■ DATA SECTION ■
================
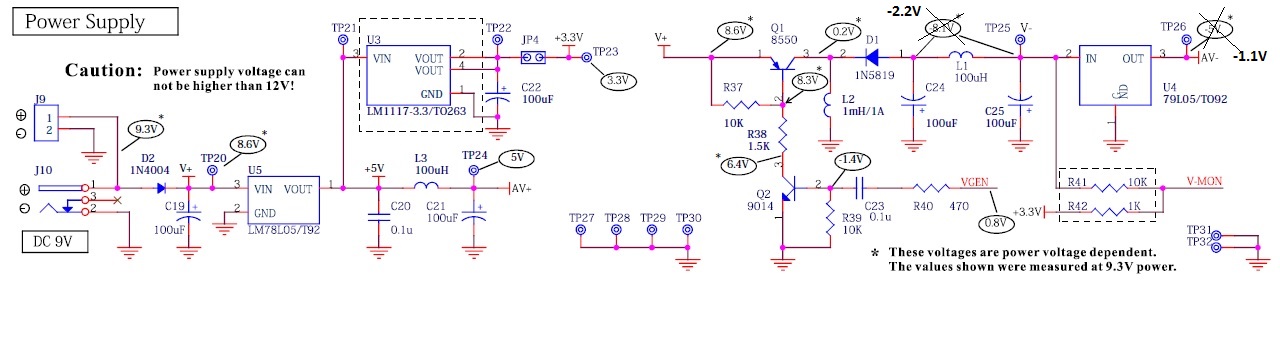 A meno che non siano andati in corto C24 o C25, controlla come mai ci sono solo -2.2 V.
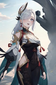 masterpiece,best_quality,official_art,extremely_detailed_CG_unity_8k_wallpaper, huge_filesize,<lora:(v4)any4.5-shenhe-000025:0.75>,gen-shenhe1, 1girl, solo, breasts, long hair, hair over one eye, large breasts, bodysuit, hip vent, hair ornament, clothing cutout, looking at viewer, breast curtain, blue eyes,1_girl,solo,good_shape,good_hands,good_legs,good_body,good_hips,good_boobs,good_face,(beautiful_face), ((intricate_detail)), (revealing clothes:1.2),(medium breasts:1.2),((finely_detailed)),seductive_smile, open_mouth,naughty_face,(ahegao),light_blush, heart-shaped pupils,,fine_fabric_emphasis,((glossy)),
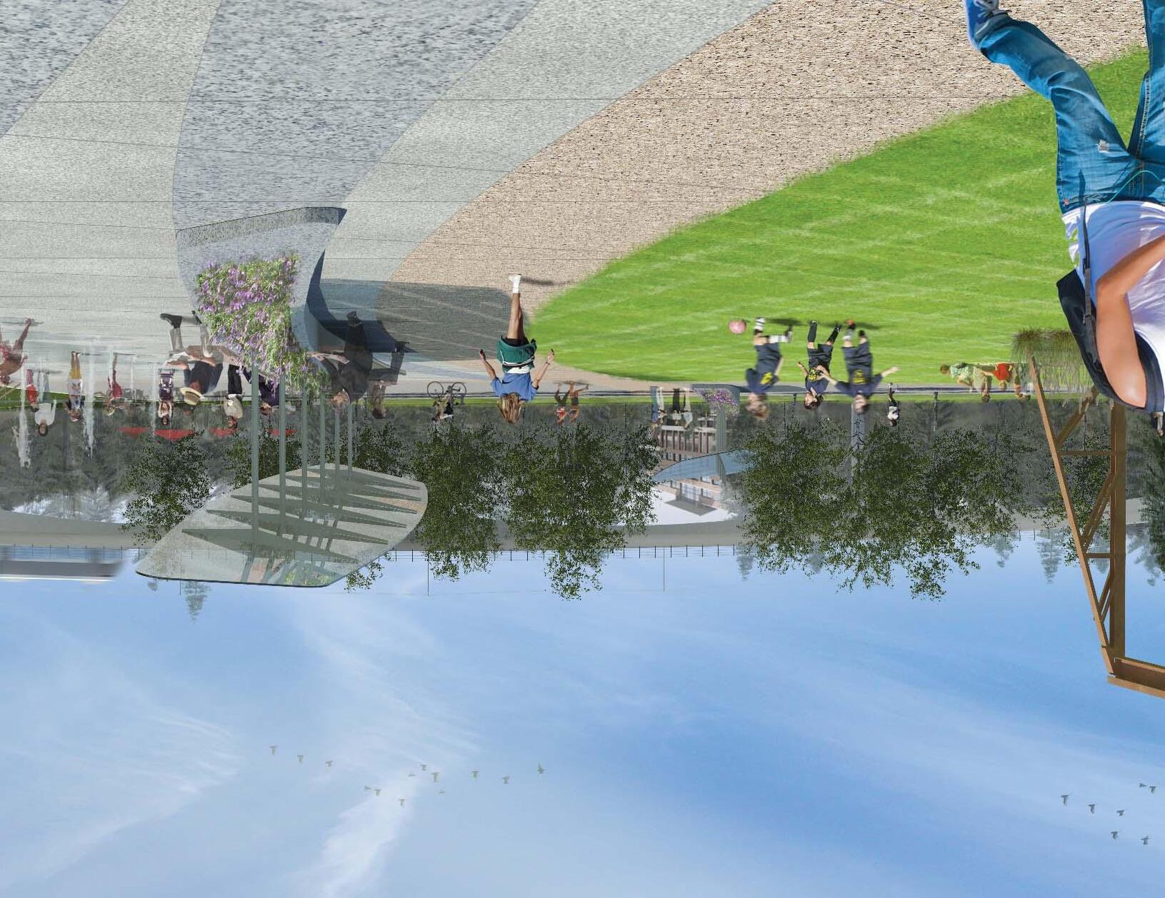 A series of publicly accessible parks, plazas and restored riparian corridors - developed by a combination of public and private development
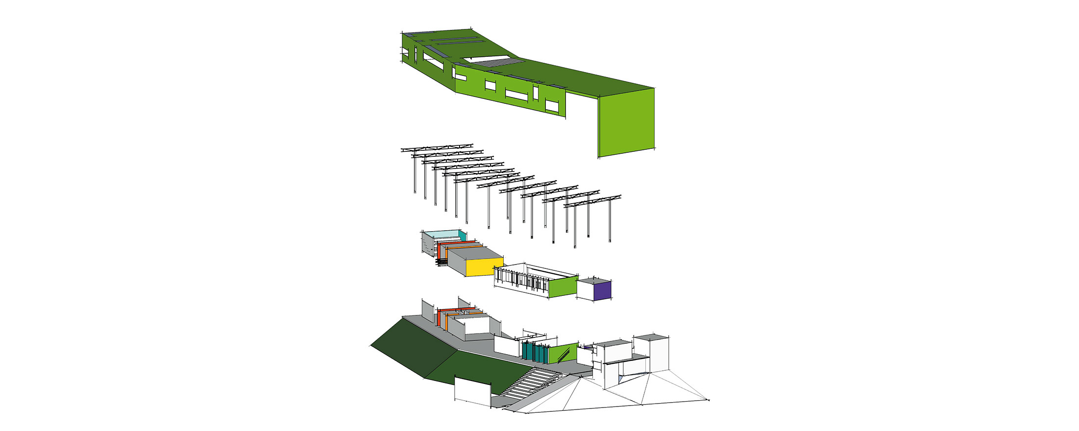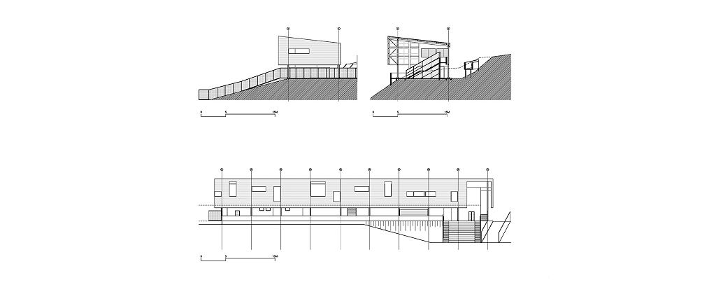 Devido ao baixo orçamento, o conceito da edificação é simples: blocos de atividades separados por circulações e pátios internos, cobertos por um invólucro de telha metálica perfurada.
================
■ AIM OF THE TASK ■
An exact copy of the lines from the line containing "A series of" through the final line of the listing, without pictures, is the expected result.

■ EXERCISE SOLUTION ■
 A series of publicly accessible parks, plazas and restored riparian corridors - developed by a combination of public and private development
 Devido ao baixo orçamento, o conceito da edificação é simples: blocos de atividades separados por circulações e pátios internos, cobertos por um invólucro de telha metálica perfurada.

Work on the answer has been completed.